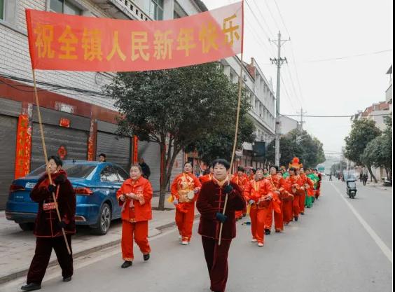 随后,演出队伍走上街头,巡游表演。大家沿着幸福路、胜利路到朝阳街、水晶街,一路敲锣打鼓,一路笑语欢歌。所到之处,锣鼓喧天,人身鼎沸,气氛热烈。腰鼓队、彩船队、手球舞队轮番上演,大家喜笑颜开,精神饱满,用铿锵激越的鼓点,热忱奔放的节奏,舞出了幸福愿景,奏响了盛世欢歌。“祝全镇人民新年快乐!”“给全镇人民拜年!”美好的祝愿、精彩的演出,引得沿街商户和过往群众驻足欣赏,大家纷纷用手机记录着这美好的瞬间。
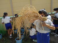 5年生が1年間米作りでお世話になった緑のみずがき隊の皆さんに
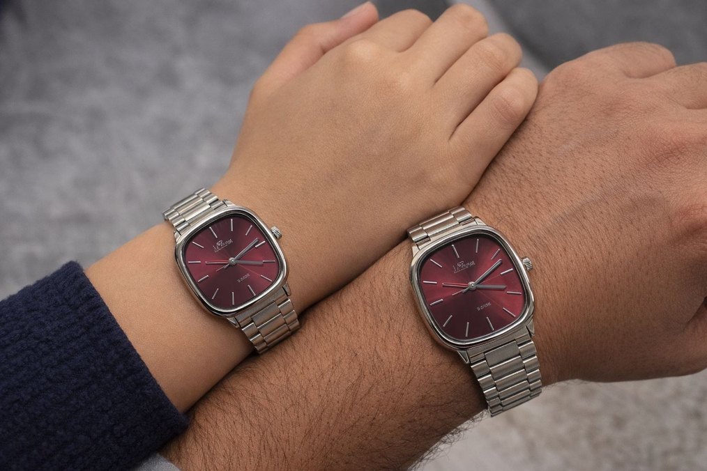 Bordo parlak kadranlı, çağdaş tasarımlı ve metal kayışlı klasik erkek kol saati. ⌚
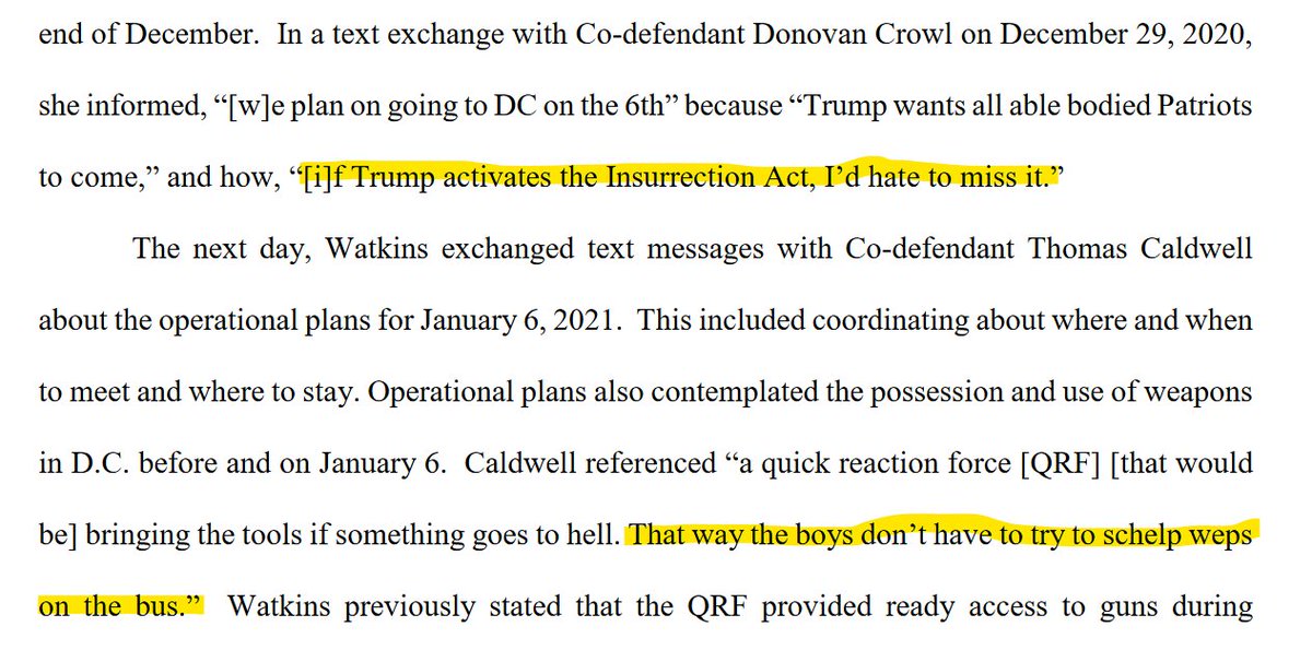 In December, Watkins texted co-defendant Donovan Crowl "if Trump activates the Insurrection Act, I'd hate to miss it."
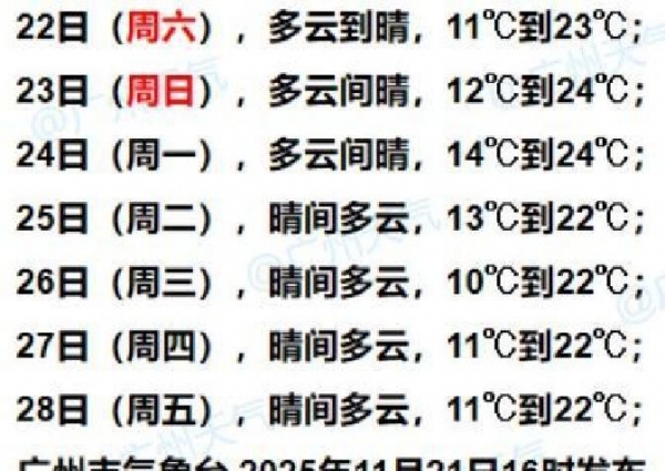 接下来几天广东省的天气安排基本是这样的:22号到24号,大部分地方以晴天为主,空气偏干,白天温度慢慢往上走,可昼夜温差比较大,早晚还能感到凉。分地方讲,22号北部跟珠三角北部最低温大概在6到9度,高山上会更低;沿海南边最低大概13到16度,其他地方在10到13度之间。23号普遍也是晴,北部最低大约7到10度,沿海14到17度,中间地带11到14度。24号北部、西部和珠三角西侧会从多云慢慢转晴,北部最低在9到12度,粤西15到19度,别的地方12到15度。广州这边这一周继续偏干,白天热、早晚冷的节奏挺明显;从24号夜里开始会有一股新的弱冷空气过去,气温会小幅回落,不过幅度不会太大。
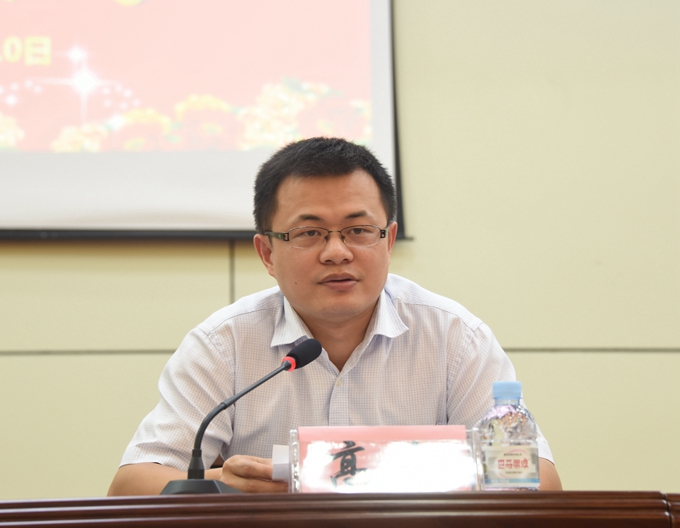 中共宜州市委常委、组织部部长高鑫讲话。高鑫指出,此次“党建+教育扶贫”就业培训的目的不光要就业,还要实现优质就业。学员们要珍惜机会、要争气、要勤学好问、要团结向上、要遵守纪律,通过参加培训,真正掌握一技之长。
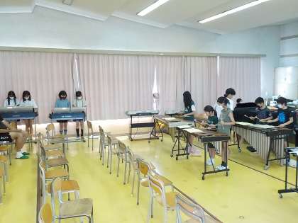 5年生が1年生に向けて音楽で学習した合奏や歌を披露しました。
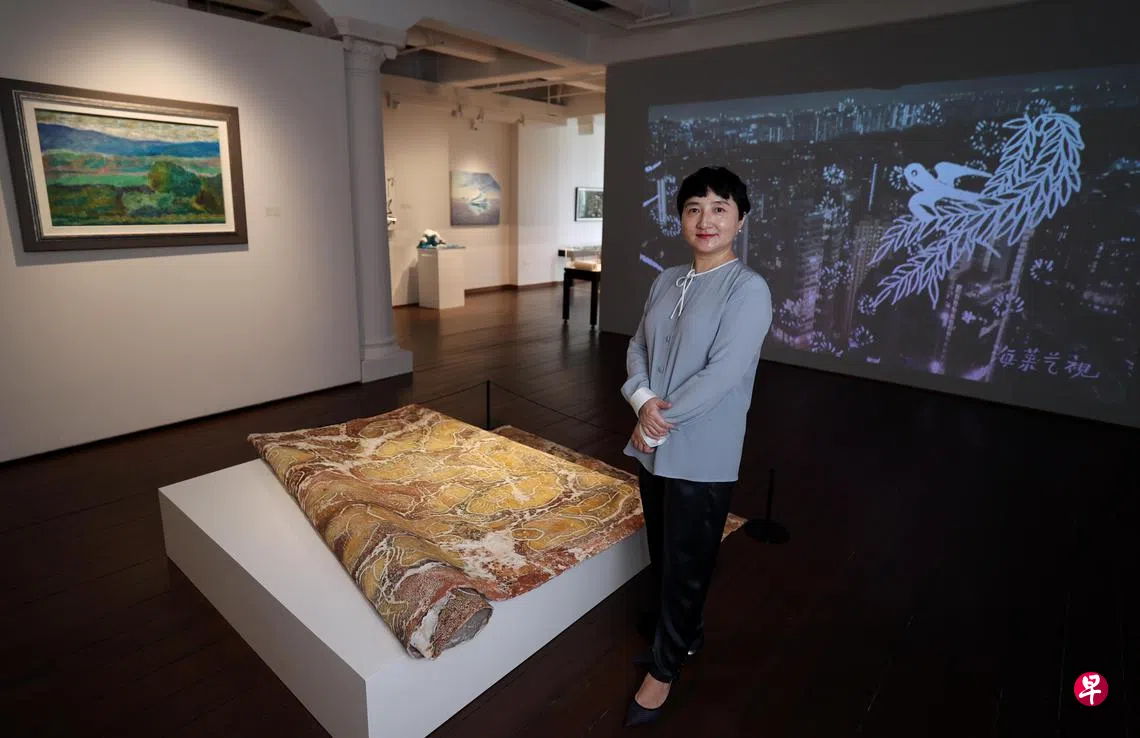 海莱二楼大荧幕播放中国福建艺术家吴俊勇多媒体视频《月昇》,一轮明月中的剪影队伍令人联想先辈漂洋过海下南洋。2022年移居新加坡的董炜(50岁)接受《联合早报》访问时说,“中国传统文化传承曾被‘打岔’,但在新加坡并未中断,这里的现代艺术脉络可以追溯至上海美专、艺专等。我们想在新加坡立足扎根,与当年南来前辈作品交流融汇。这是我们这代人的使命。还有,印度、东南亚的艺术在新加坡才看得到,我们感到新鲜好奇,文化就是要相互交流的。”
- - - -
### Exercise brief
Output every entry above verbatim, but leave out the pictures.

### Answer below
 随后,演出队伍走上街头,巡游表演。大家沿着幸福路、胜利路到朝阳街、水晶街,一路敲锣打鼓,一路笑语欢歌。所到之处,锣鼓喧天,人身鼎沸,气氛热烈。腰鼓队、彩船队、手球舞队轮番上演,大家喜笑颜开,精神饱满,用铿锵激越的鼓点,热忱奔放的节奏,舞出了幸福愿景,奏响了盛世欢歌。“祝全镇人民新年快乐!”“给全镇人民拜年!”美好的祝愿、精彩的演出,引得沿街商户和过往群众驻足欣赏,大家纷纷用手机记录着这美好的瞬间。
 5年生が1年間米作りでお世話になった緑のみずがき隊の皆さんに
 Bordo parlak kadranlı, çağdaş tasarımlı ve metal kayışlı klasik erkek kol saati. ⌚
 In December, Watkins texted co-defendant Donovan Crowl "if Trump activates the Insurrection Act, I'd hate to miss it."
 接下来几天广东省的天气安排基本是这样的:22号到24号,大部分地方以晴天为主,空气偏干,白天温度慢慢往上走,可昼夜温差比较大,早晚还能感到凉。分地方讲,22号北部跟珠三角北部最低温大概在6到9度,高山上会更低;沿海南边最低大概13到16度,其他地方在10到13度之间。23号普遍也是晴,北部最低大约7到10度,沿海14到17度,中间地带11到14度。24号北部、西部和珠三角西侧会从多云慢慢转晴,北部最低在9到12度,粤西15到19度,别的地方12到15度。广州这边这一周继续偏干,白天热、早晚冷的节奏挺明显;从24号夜里开始会有一股新的弱冷空气过去,气温会小幅回落,不过幅度不会太大。
 中共宜州市委常委、组织部部长高鑫讲话。高鑫指出,此次“党建+教育扶贫”就业培训的目的不光要就业,还要实现优质就业。学员们要珍惜机会、要争气、要勤学好问、要团结向上、要遵守纪律,通过参加培训,真正掌握一技之长。
 5年生が1年生に向けて音楽で学習した合奏や歌を披露しました。
 海莱二楼大荧幕播放中国福建艺术家吴俊勇多媒体视频《月昇》,一轮明月中的剪影队伍令人联想先辈漂洋过海下南洋。2022年移居新加坡的董炜(50岁)接受《联合早报》访问时说,“中国传统文化传承曾被‘打岔’,但在新加坡并未中断,这里的现代艺术脉络可以追溯至上海美专、艺专等。我们想在新加坡立足扎根,与当年南来前辈作品交流融汇。这是我们这代人的使命。还有,印度、东南亚的艺术在新加坡才看得到,我们感到新鲜好奇,文化就是要相互交流的。”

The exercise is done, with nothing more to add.